Index Usage Analysis

-- Analyze index usage patterns
SELECT 
    schemaname,
    tablename,
    indexname,
    idx_scan,
    idx_tup_read,
    idx_tup_fetch,
    pg_size_pretty(pg_relation_size(indexrelid)) as index_size
FROM pg_stat_user_indexes
WHERE schemaname IN ('temporal', 'temporal_visibility')
ORDER BY idx_scan DESC;

-- Find unused indexes
SELECT 
    schemaname,
    tablename,
    indexname,
    pg_size_pretty(pg_relation_size(indexrelid)) as index_size
FROM pg_stat_user_indexes
WHERE schemaname IN ('temporal', 'temporal_visibility')
AND idx_scan = 0
ORDER BY pg_relation_size(indexrelid) DESC;

Disaster Recovery and High Availability

Database Failover Procedures

Automated Failover with Patroni

# Patroni configuration for PostgreSQL HA
patroni:
  scope: temporal-cluster
  namespace: temporal-backend

  bootstrap:
    dcs:
      ttl: 30
      loop_wait: 10
      retry_timeout: 30
      maximum_lag_on_failover: 1048576  # 1MB
      master_start_timeout: 300
      synchronous_mode: true
      synchronous_mode_strict: false

    initdb:
      - encoding: UTF8
      - data-checksums

  postgresql:
    use_pg_rewind: true
    use_slots: true
    parameters:
      wal_level: replica
      hot_standby: "on"
      max_connections: 1000
      max_wal_senders: 10
      max_replication_slots: 10
      wal_keep_segments: 8

  watchdog:
    mode: required
    device: /dev/watchdog
    safety_margin: 5

Cross-Region Data Replication

Logical Replication Setup

-- Set up logical replication for disaster recovery
-- On primary cluster
CREATE PUBLICATION temporal_pub FOR ALL TABLES IN SCHEMA temporal, temporal_visibility;

-- On secondary cluster (different region)
CREATE SUBSCRIPTION temporal_sub 
CONNECTION 'host=primary-cluster.example.com port=5432 user=replicator dbname=temporal'
PUBLICATION temporal_pub
WITH (copy_data = true, create_slot = true, enabled = true);

-- Monitor replication lag
SELECT 
    application_name,
    client_addr,
    state,
    sent_lsn,
    write_lsn,
    flush_lsn,
    replay_lsn,
    write_lag,
    flush_lag,
    replay_lag
FROM pg_stat_replication;

Recovery Testing

Automated Recovery Testing

#!/bin/bash
# Disaster recovery testing script
test_recovery() {
    local test_type=$1
    local test_timestamp=$(date +%Y%m%d_%H%M%S)
    local test_namespace="temporal-dr-test-$test_timestamp"

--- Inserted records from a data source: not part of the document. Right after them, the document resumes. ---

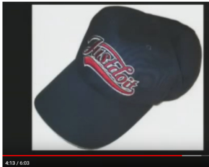
Anna Lindh-mordet - "Någon är skjuten på NK" - Krimarkivet (TV4) 3

Man braucht sich daher nicht zu wundern, daß Mijailovics Mütze in eben diesen drei Farben der Trikolore gestaltet ist. Die Trikolore tauchte erstmals 1790 in der Revolutionszeit auf ... Am 15. Februar 1794 wurde die
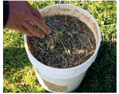
北十勝ファームでは、近隣の耕作放棄地を借り、スタッフが農地を耕してエサとなる作物を育てています
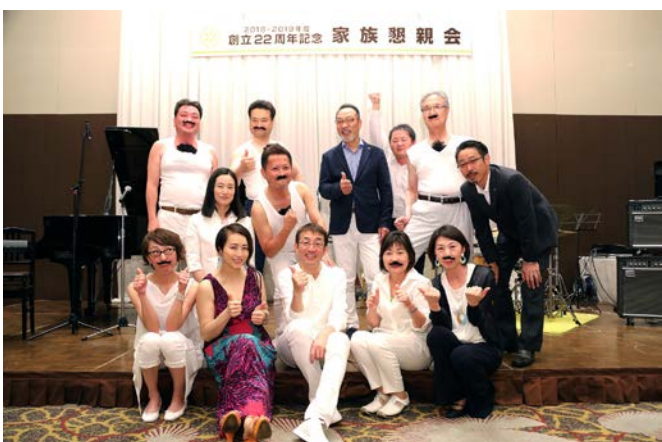
親睦委員会の皆様、お疲れ様でございました
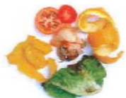
Restes de fruita i verdura
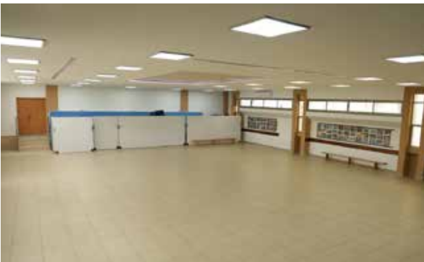
قاعة مركز الأحداث الأرثوذكسي
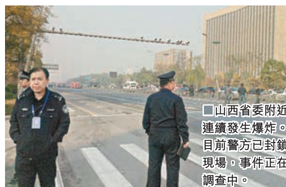
山西省委附近連續發生爆炸。目前警方已封鎖現場，事件正在調查中。

另外，據太原新聞網報導，從太原長途汽車站獲悉，11月7日起，乘坐長途車前往北京的市民，必須持本人有效身份證件才能購買車票。為保證出站客車的安全，太原汽車站不僅對旅客隨身攜帶的行李包進行安檢，同時對托運行李還要開包檢查，合格後才能托
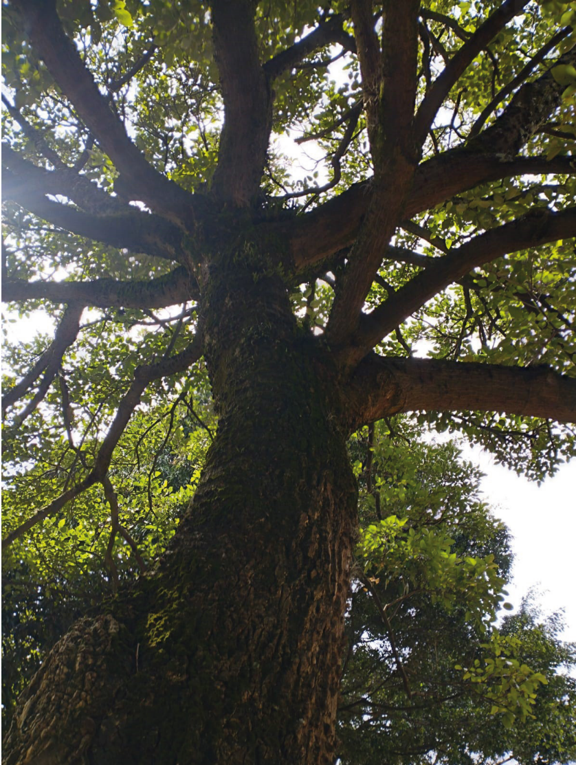
Fotografía: Búcaro, sector El Carmelo, ribera de la 48 Año: 2022
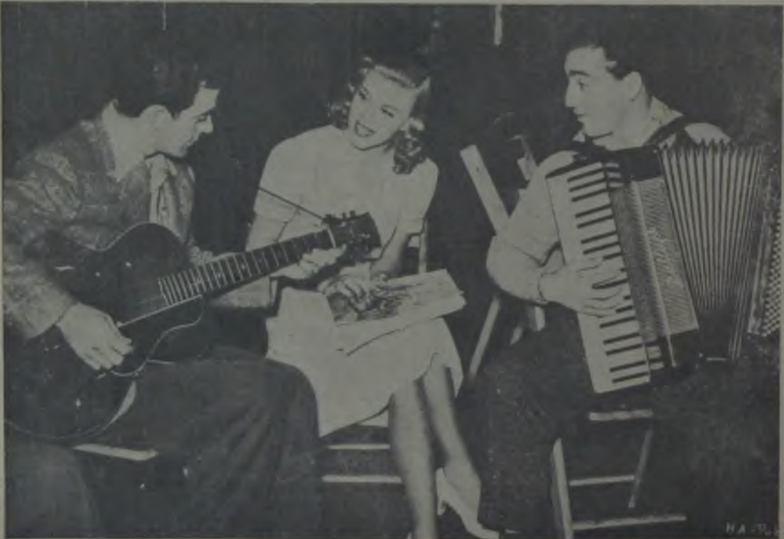
Ginger Rogers son fiimde
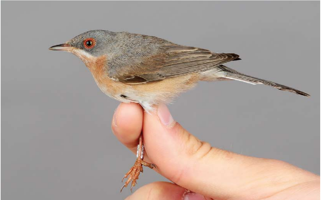
341 Moltoni's Warbler / Moltoni's Beardgrasmus Sylvia subalpina , male, Ottenby, Öland, Sweden, 26 May 2018
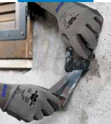
Fixarea balamalelor și elementelor metalice în zidărie folosind Lampocem
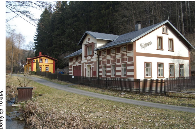
Domy čp. 10 a 94.
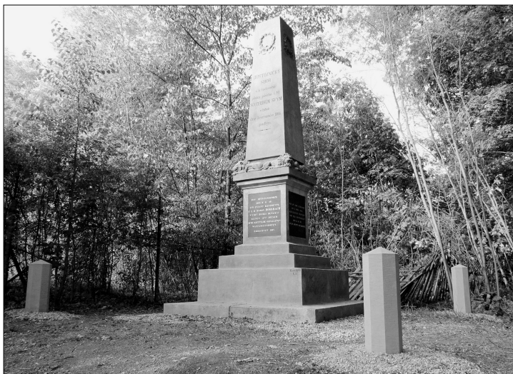
Opravený pomník 40. pěšího pluku u Hoříněvsi (J. Synek, září 2015)
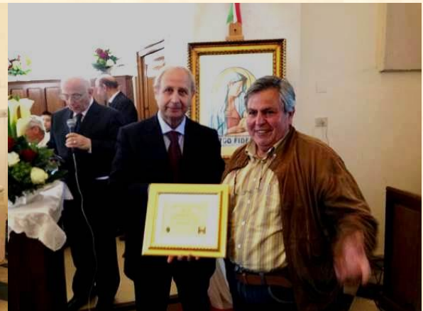
Aseap: Pergamena Ricordo Alla Scuola Statale "Cales" di Calvi Risorta (CE)
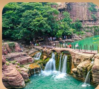
“อุทยานหยุนไท่ซาน”

ชมถ้ำหลงเหมิน มรดกโลกที่เมืองลั่วหยาง • สุสานจีนซีฮ่องเต้ • ศาลเจ้ากวนอู วัดเส้าหลิน + ป่าเจดีย์ + ชมโชว์กังฟู • เมืองโบราณลั่วอี้ • อุทยานหยุนไท่ซาน เจดีย์ห่านป่าใหญ่ • ถนนวัฒนธรรมต้ากิง • ถนนคนเดินอิสลาม • จัตุรัสหอระฆัง
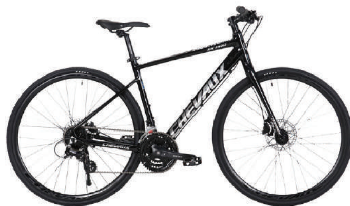
● Màu đen
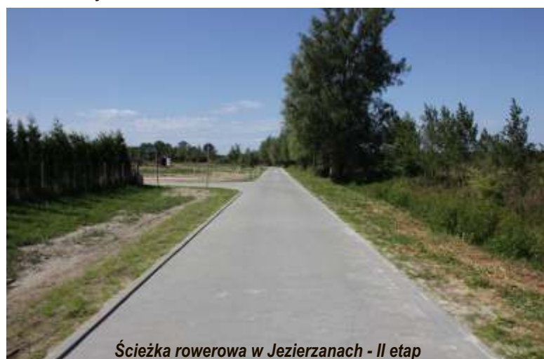
Ścieżka rowerowa w Jezierzanach - II etap

Nowo wybudowana, doskonale prezentująca się remiza OSP wraz ze świetlicą wiejską zdoła miejscowość Marszewo . Koszt robót budowlanych wraz z nadzorem inwestorskim wyniósł

    echo "Starting DR test: $test_type at $test_timestamp"

    case $test_type in
        "point_in_time")
            # Test point-in-time recovery
            test_pitr_recovery "$test_namespace"
            ;;
        "full_restore")
            # Test full backup restore
            test_full_restore "$test_namespace"
            ;;
        "failover")
            # Test automatic failover
            test_automatic_failover "$test_namespace"
            ;;
        *)
            echo "Unknown test type: $test_type"
            exit 1
            ;;
    esac

    # Cleanup test resources
    cleanup_test_environment "$test_namespace"

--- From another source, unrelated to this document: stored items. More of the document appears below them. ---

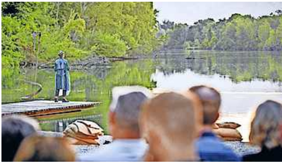
Informationen um Stück und zu den Vorstellungsterminen im August finden Sie unter www.theaterimkies.at.

Wenn Sie Interesse haben, nehmen Sie gerne mit dem Kulturreferat der Stadt Hohenems Kontakt auf unter Tel. 05576/7101-1250 oder E-Mail kultur@hohenems.at
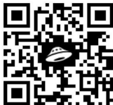
Фото- и видеоматериалы для квеста
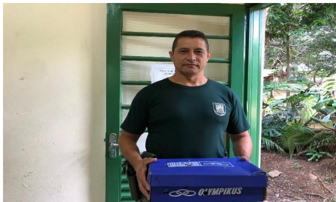
(48531) - Pardal, jovem, encontrado caído em via pública. Entregue por GM Cajamar no dia 23-02-2024
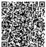
Persembahan - Kantong 1 Pengeluaran Rutin Gereja
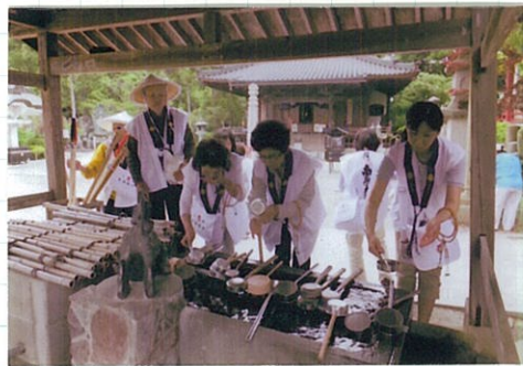
身体を清めるのもお水に!!

さて、次回ですが、開創1200年の 記念すべき年にもう一度参拝したい!! ということで『第2回お遍路の旅』を 11月に企画しました。 初めての方も、檀信徒以外の人も お一人でも是非この機会にご参加 お待ちしております。
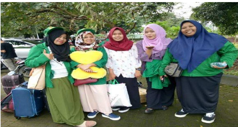
Pada saat keberangkatan KKN
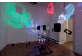
Amit Goffer, X marks the spot , 2019 und Thus I Cry , 2019, variabel, Mixed Media, Edelstahl, Eisen, Plexiglas, Holz, Elektronik, Licht © VG Bild-Kunst, Bonn 2023, Foto: Carl Brunn
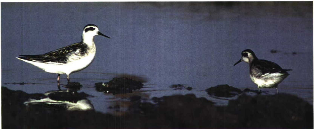
276 Grauwe Franjepoten / Red-necked Phalaropes Phalaropus lobatus , Lopikerkapel, Utrecht, 12 augustus 1997 (Arjan Boele)
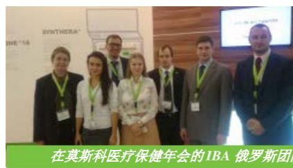
在莫斯科医疗保健年会的 IBA 俄罗斯团队

Synthera®是医疗保健年会中的明星。IBA 俄罗斯团队展示了 IBA 的放射药物解决方案。
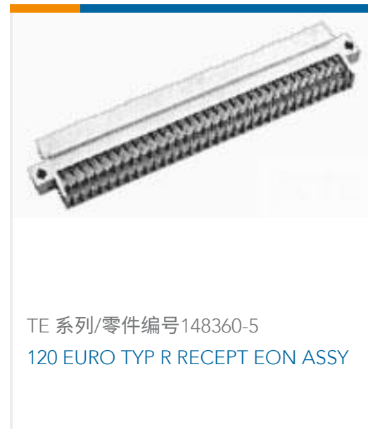
TE 系列/零件编号148360-5 120 EURO TYP R RECEPT EON ASSY
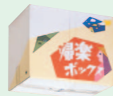
帰郷ボックス (1986年3月)
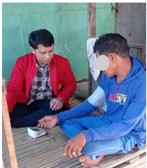
Pengukuran tekanan darah pada responden
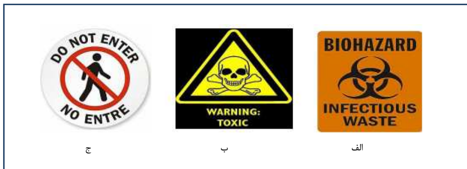
شکل ۱-۲: علائم و نشانه های مخصوص مورد استفاده برای جایگاه ذخیره سازی موقت

ظروفی که برای ذخیره سازی پسماندهای شیمیایی مورد استفاده قرار می گیرند باید دارای شرایط زیر باشد:

    echo "DR test completed: $test_type"
}

# Schedule monthly DR tests
echo "0 3 1 * * /path/to/test_recovery.sh point_in_time" | crontab -

This comprehensive database design ensures that the Temporal.io enterprise deployment has a robust, scalable, and highly available data layer that can handle enterprise workloads while maintaining data integrity, performance, and recoverability.